= Beginning of Section =

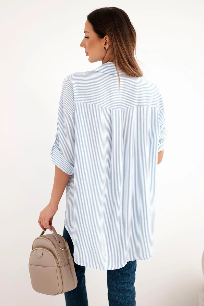 Volný střih s prodlouženým zadním dílem a 3/4 rukávy s možností ohrnutí skvěle poslouží jak v casual, tak v elegantnějších stylizacích. Kombinujte ji s džíny, legínami nebo sukní a užijte si pohodlí a módní vzhled. Italská výroba je zárukou kvality a stylového střihu.
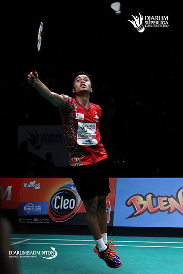 Anthony Sinisuka Ginting (PB Musica Champion) mengembalikan shuttlecock.
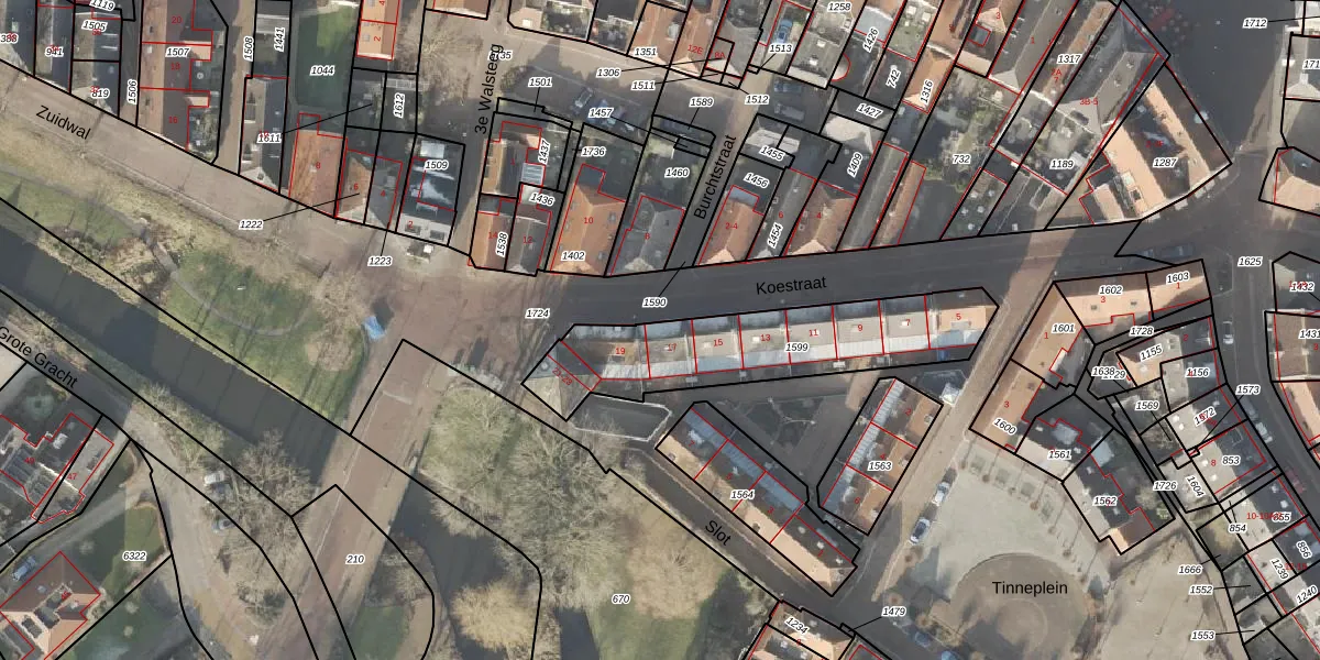 Het perceel waarop Koestraat 17 staat heeft een oppervlakte van 716 m². Dit is een groot perceel. De perceeloppervlakte wordt geregistreerd door het Kadaster. Gedetailleerde informatie over de maten van dit perceel kunt u vinden in het rapport Kadastrale kaart met maatvoering van Koestraat 17.
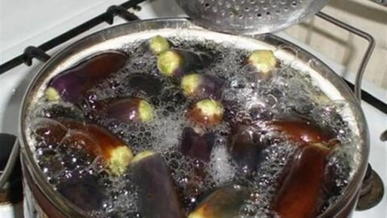 - نضع الباذنجان في قدرٍ كبير، ونضعه على النار، ونسلقه قليلاً.
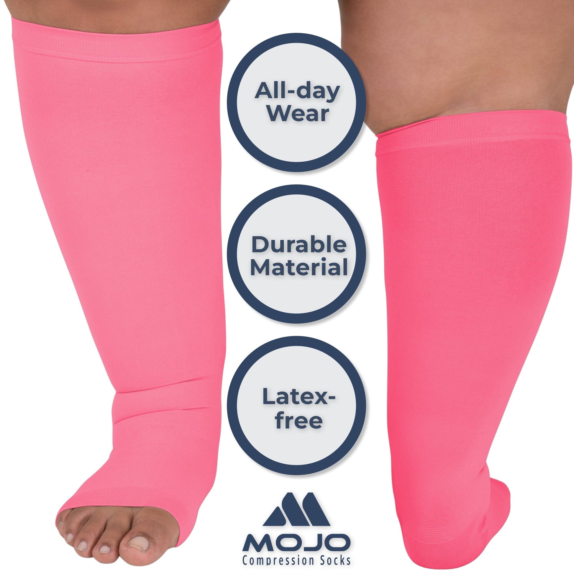 Mojo Compression Socks – Unisex Open Toe Compression Stockings for Varicose Veins & Swelling Relief – Knee High – 20-30mmHg Firm Support – AB211
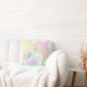 Gorgeous unicorn pillow with a rainbow and clouds, with a customisable name.
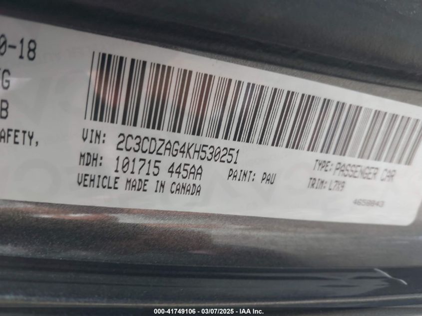 Цвет СерыйЦилиндры 6Привод Задний приводVIN 2C3CDZAG4KH******Состояние НеизвестноПовреждения Мотор AutoRIA
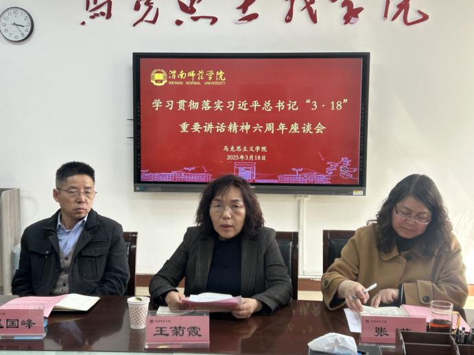 3月18日下午,陕西铁路工程职业技术学院、渭南职业技术学院、bat365正版唯一官网三所高校的马克思主义学院共同举办“重温3·18讲话精神,推进思政课改革创新”研讨会,总结六年来思政课教学改革创新成就,探索如何进一步推动思政课高质量发展。校党委委员、副校长王菊霞出席会议并讲话。党委宣传部副部长石明参加会议。会议由马克思主义学院党总支书记赵国峰主持。
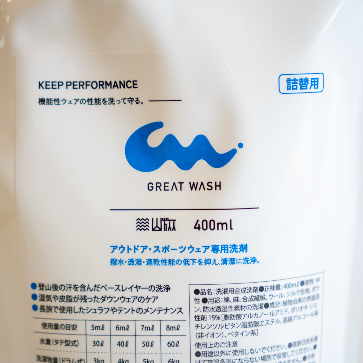 アウトドア洗剤 Great Wash 詰め替え用(登山ウェア洗濯洗剤)
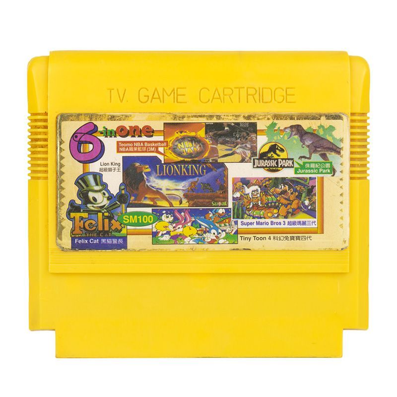 Картридж 6 в 1: [SM100] Super Mario 3, Jurassic Park, Felix the Cat, Super Lion King, Tecmo NBA Basketball, Tiny Toon 4

= End of Section =

__ACTION ITEM__: Your answer must be an exact copy of the entries above, with no pictures in it.

__EXERCISE OUTPUT__:
 Volný střih s prodlouženým zadním dílem a 3/4 rukávy s možností ohrnutí skvěle poslouží jak v casual, tak v elegantnějších stylizacích. Kombinujte ji s džíny, legínami nebo sukní a užijte si pohodlí a módní vzhled. Italská výroba je zárukou kvality a stylového střihu.
 Anthony Sinisuka Ginting (PB Musica Champion) mengembalikan shuttlecock.
 Het perceel waarop Koestraat 17 staat heeft een oppervlakte van 716 m². Dit is een groot perceel. De perceeloppervlakte wordt geregistreerd door het Kadaster. Gedetailleerde informatie over de maten van dit perceel kunt u vinden in het rapport Kadastrale kaart met maatvoering van Koestraat 17.
 - نضع الباذنجان في قدرٍ كبير، ونضعه على النار، ونسلقه قليلاً.
 Mojo Compression Socks – Unisex Open Toe Compression Stockings for Varicose Veins & Swelling Relief – Knee High – 20-30mmHg Firm Support – AB211
 Gorgeous unicorn pillow with a rainbow and clouds, with a customisable name.
 Цвет СерыйЦилиндры 6Привод Задний приводVIN 2C3CDZAG4KH******Состояние НеизвестноПовреждения Мотор AutoRIA
 3月18日下午,陕西铁路工程职业技术学院、渭南职业技术学院、bat365正版唯一官网三所高校的马克思主义学院共同举办“重温3·18讲话精神,推进思政课改革创新”研讨会,总结六年来思政课教学改革创新成就,探索如何进一步推动思政课高质量发展。校党委委员、副校长王菊霞出席会议并讲话。党委宣传部副部长石明参加会议。会议由马克思主义学院党总支书记赵国峰主持。
 アウトドア洗剤 Great Wash 詰め替え用(登山ウェア洗濯洗剤)
 Картридж 6 в 1: [SM100] Super Mario 3, Jurassic Park, Felix the Cat, Super Lion King, Tecmo NBA Basketball, Tiny Toon 4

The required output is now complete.